YOUR TASK -
Below are some entries. Transcribe the lines from the one holding "못 알아들었기 때문입니다." to the one holding "Hand Sanitizer Dispenser, Color", inclusive, but not the pictures among them.

Excerpts from a dataset -
• • • • • • •

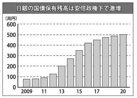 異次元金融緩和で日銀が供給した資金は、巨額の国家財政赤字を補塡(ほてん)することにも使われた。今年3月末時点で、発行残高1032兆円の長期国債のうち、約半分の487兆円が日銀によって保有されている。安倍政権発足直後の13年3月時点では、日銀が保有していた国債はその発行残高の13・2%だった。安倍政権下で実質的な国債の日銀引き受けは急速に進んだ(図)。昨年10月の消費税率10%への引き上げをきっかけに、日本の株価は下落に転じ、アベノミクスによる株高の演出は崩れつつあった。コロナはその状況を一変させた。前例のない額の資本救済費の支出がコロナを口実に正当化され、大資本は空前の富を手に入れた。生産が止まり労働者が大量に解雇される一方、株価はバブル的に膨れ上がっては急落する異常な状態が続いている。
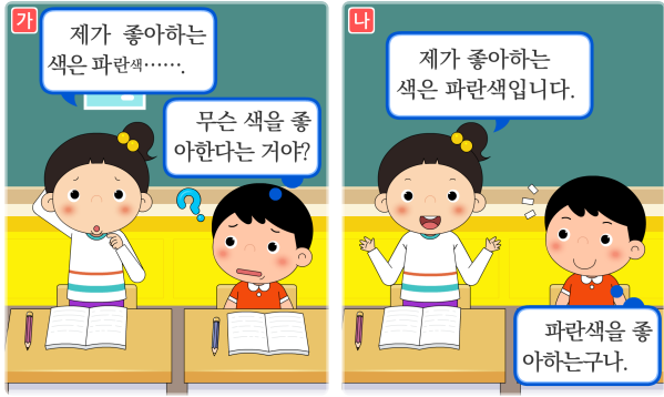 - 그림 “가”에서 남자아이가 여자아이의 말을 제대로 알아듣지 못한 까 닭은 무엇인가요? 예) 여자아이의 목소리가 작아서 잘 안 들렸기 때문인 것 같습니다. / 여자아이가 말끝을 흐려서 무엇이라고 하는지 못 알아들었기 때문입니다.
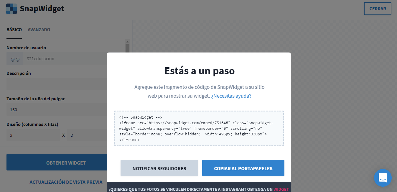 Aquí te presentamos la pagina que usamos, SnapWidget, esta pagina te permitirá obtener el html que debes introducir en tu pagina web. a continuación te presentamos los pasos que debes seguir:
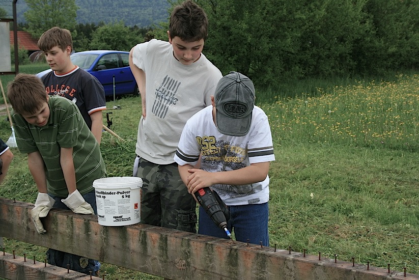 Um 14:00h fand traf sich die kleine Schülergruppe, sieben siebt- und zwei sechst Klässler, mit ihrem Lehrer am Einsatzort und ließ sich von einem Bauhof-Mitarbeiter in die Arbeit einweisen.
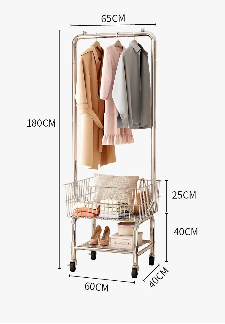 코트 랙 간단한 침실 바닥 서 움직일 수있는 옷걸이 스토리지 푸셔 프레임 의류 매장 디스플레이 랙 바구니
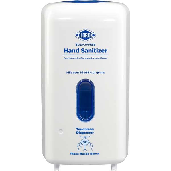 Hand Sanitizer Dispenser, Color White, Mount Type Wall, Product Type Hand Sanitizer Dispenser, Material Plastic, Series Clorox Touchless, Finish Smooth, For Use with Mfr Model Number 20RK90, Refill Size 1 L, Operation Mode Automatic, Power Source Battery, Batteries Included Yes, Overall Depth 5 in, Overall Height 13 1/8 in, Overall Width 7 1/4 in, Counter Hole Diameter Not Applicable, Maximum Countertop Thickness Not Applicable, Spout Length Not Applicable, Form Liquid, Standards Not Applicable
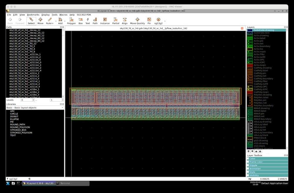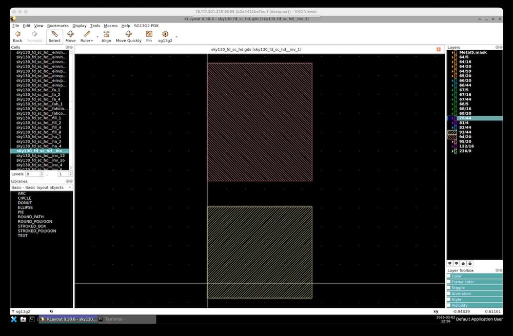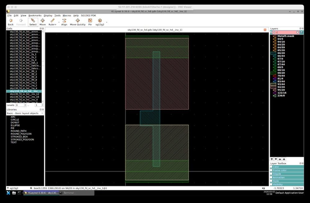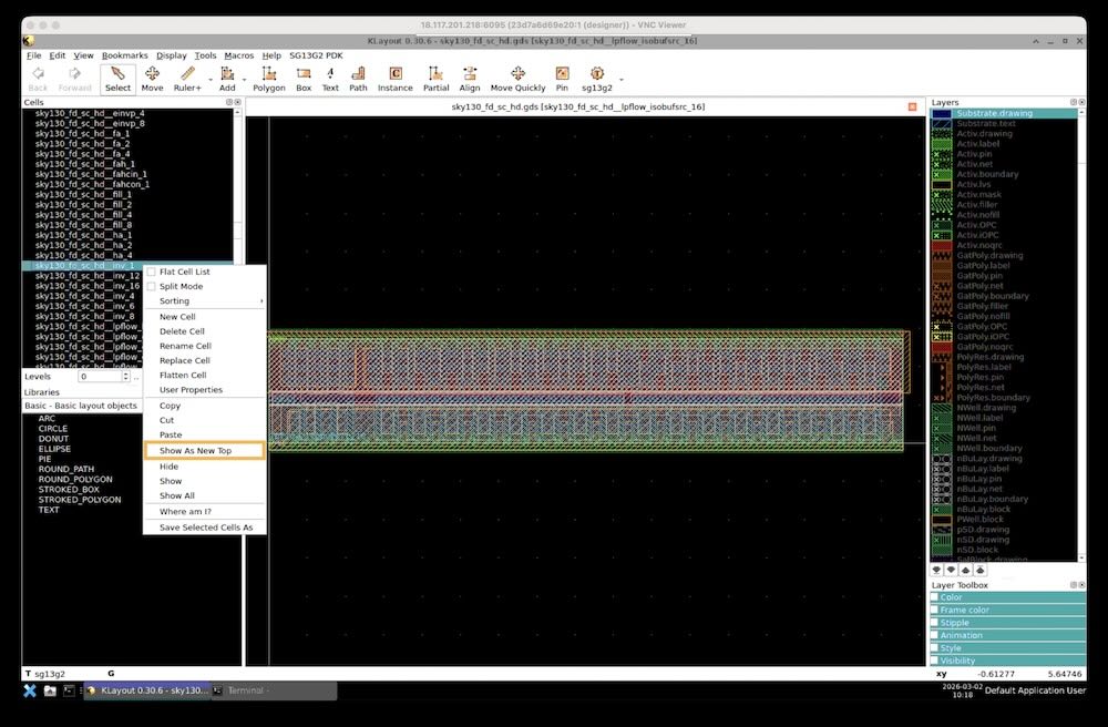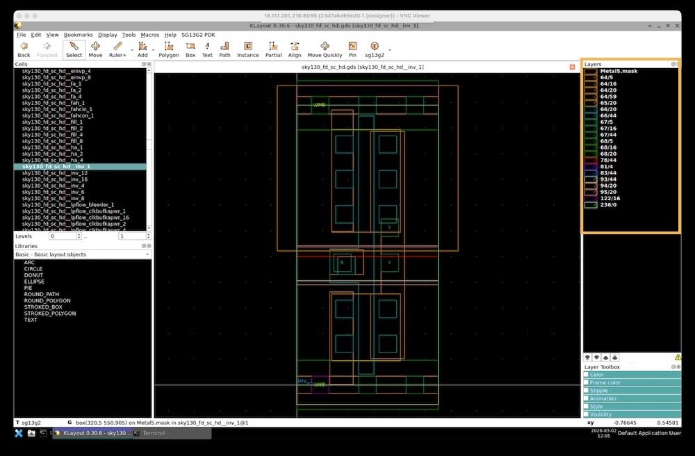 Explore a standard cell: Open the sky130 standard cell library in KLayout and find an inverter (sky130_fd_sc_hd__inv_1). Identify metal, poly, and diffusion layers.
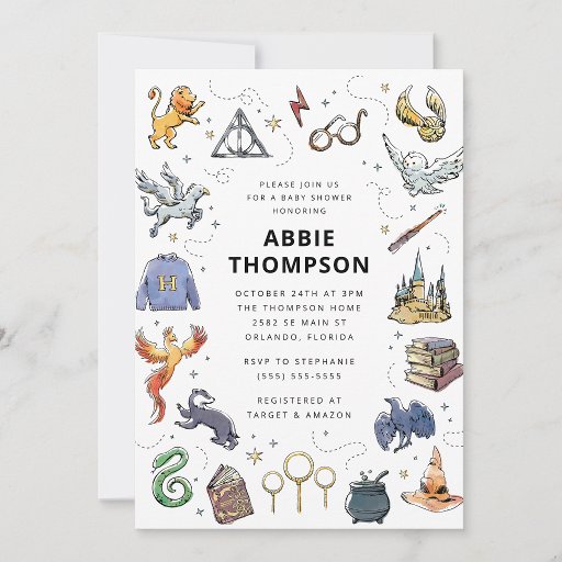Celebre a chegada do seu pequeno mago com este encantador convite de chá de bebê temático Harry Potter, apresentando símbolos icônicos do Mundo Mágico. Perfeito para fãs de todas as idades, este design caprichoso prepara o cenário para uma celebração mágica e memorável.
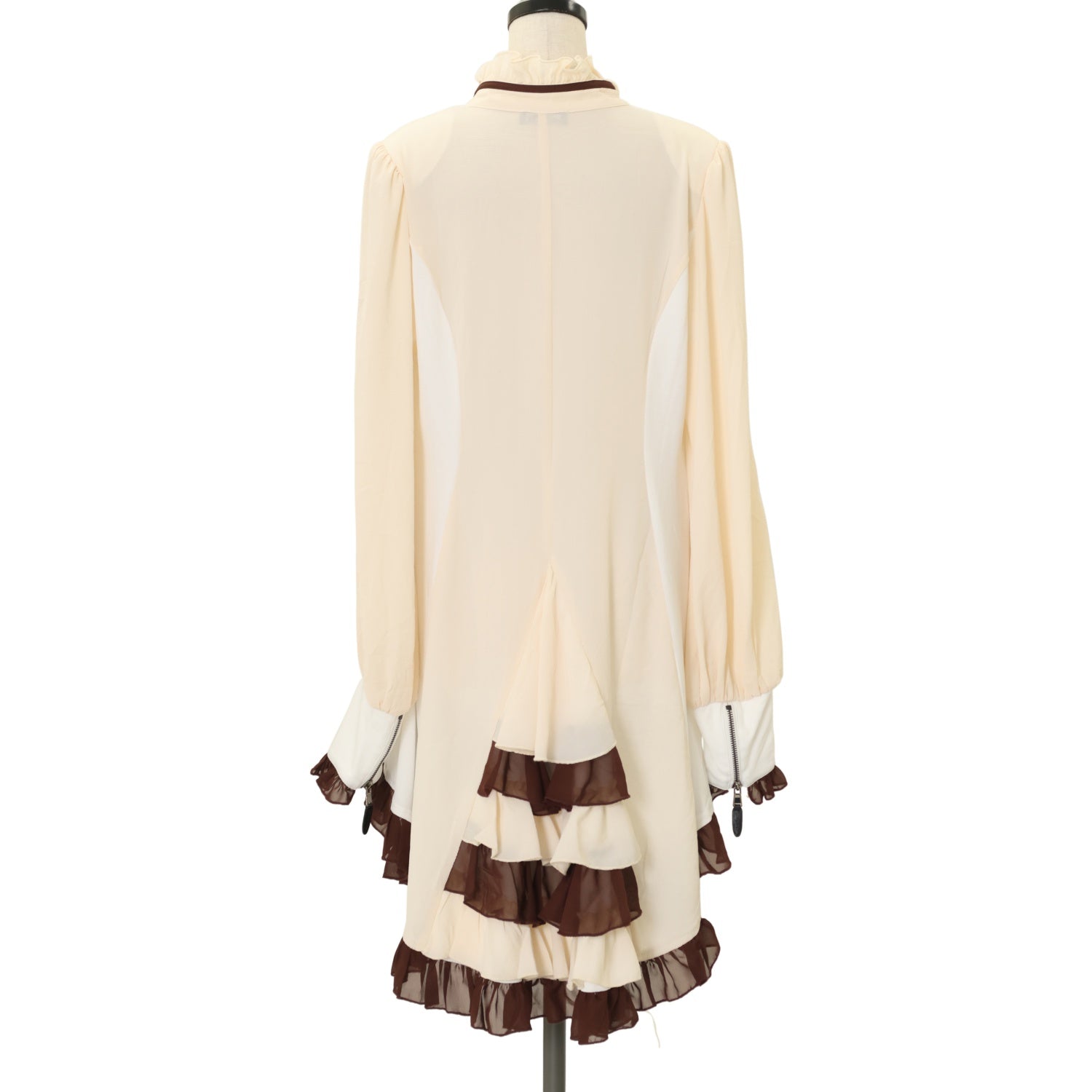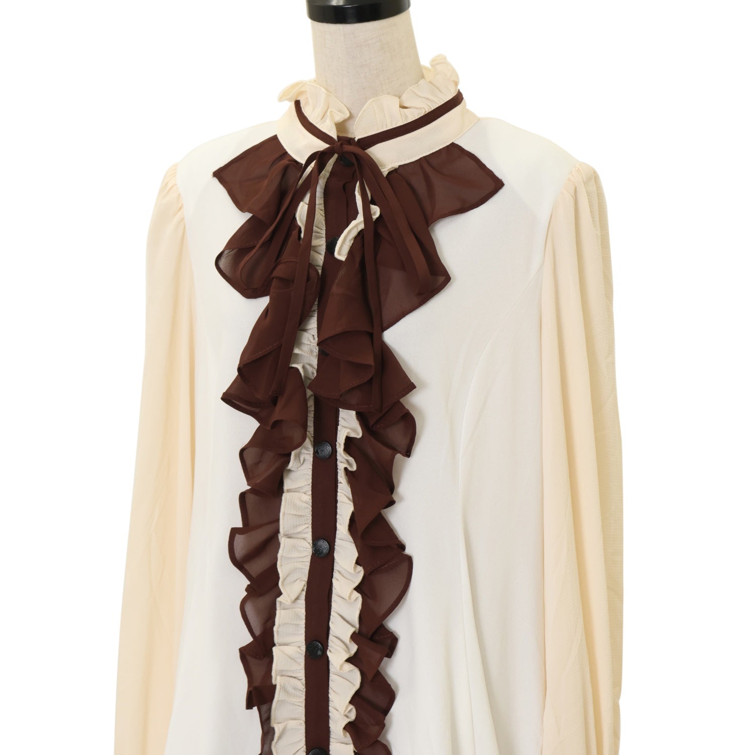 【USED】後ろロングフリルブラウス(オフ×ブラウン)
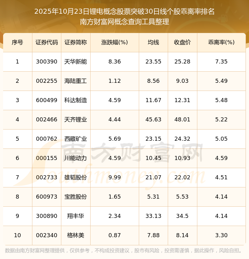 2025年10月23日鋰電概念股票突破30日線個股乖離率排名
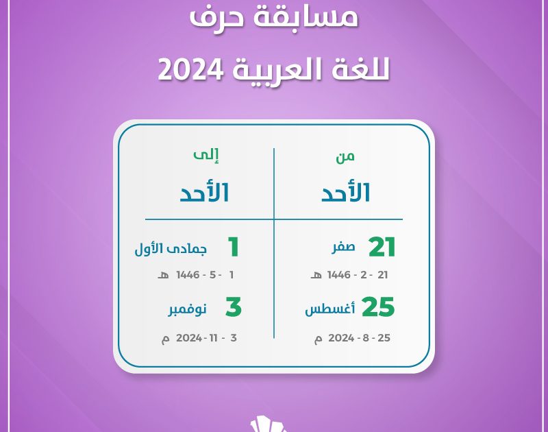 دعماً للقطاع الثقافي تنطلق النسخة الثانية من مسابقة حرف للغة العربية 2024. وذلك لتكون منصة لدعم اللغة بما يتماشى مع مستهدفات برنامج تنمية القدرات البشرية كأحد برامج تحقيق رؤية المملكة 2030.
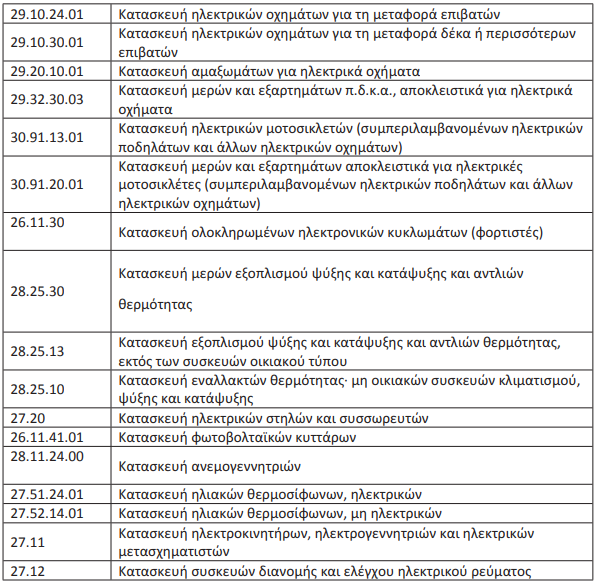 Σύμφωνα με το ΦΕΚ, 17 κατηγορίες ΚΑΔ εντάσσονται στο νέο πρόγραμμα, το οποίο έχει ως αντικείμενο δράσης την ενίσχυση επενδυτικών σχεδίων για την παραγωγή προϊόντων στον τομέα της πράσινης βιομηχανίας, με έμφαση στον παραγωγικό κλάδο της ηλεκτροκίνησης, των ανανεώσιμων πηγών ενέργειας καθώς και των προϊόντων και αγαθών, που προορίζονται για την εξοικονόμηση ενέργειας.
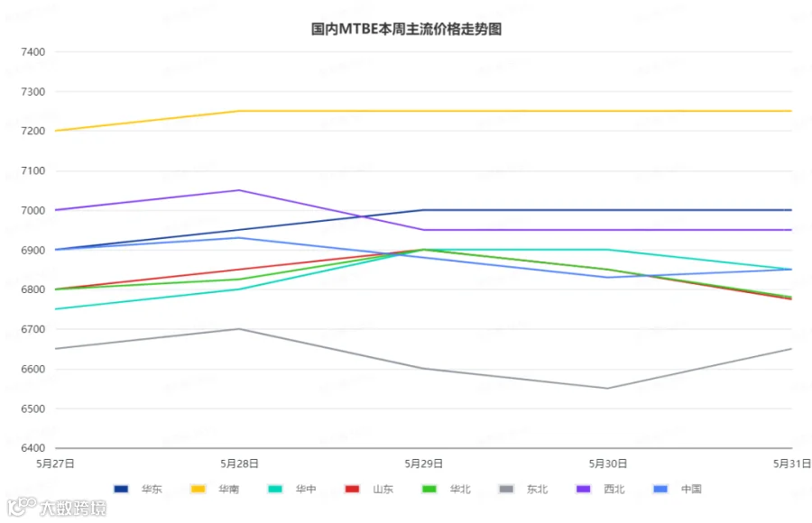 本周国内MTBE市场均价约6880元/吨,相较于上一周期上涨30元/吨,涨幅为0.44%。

• • • • • • •

TASK ANSWER -
 - 그림 “가”에서 남자아이가 여자아이의 말을 제대로 알아듣지 못한 까 닭은 무엇인가요? 예) 여자아이의 목소리가 작아서 잘 안 들렸기 때문인 것 같습니다. / 여자아이가 말끝을 흐려서 무엇이라고 하는지 못 알아들었기 때문입니다.
 Aquí te presentamos la pagina que usamos, SnapWidget, esta pagina te permitirá obtener el html que debes introducir en tu pagina web. a continuación te presentamos los pasos que debes seguir:
 Um 14:00h fand traf sich die kleine Schülergruppe, sieben siebt- und zwei sechst Klässler, mit ihrem Lehrer am Einsatzort und ließ sich von einem Bauhof-Mitarbeiter in die Arbeit einweisen.
 코트 랙 간단한 침실 바닥 서 움직일 수있는 옷걸이 스토리지 푸셔 프레임 의류 매장 디스플레이 랙 바구니
 Hand Sanitizer Dispenser, Color White, Mount Type Wall, Product Type Hand Sanitizer Dispenser, Material Plastic, Series Clorox Touchless, Finish Smooth, For Use with Mfr Model Number 20RK90, Refill Size 1 L, Operation Mode Automatic, Power Source Battery, Batteries Included Yes, Overall Depth 5 in, Overall Height 13 1/8 in, Overall Width 7 1/4 in, Counter Hole Diameter Not Applicable, Maximum Countertop Thickness Not Applicable, Spout Length Not Applicable, Form Liquid, Standards Not Applicable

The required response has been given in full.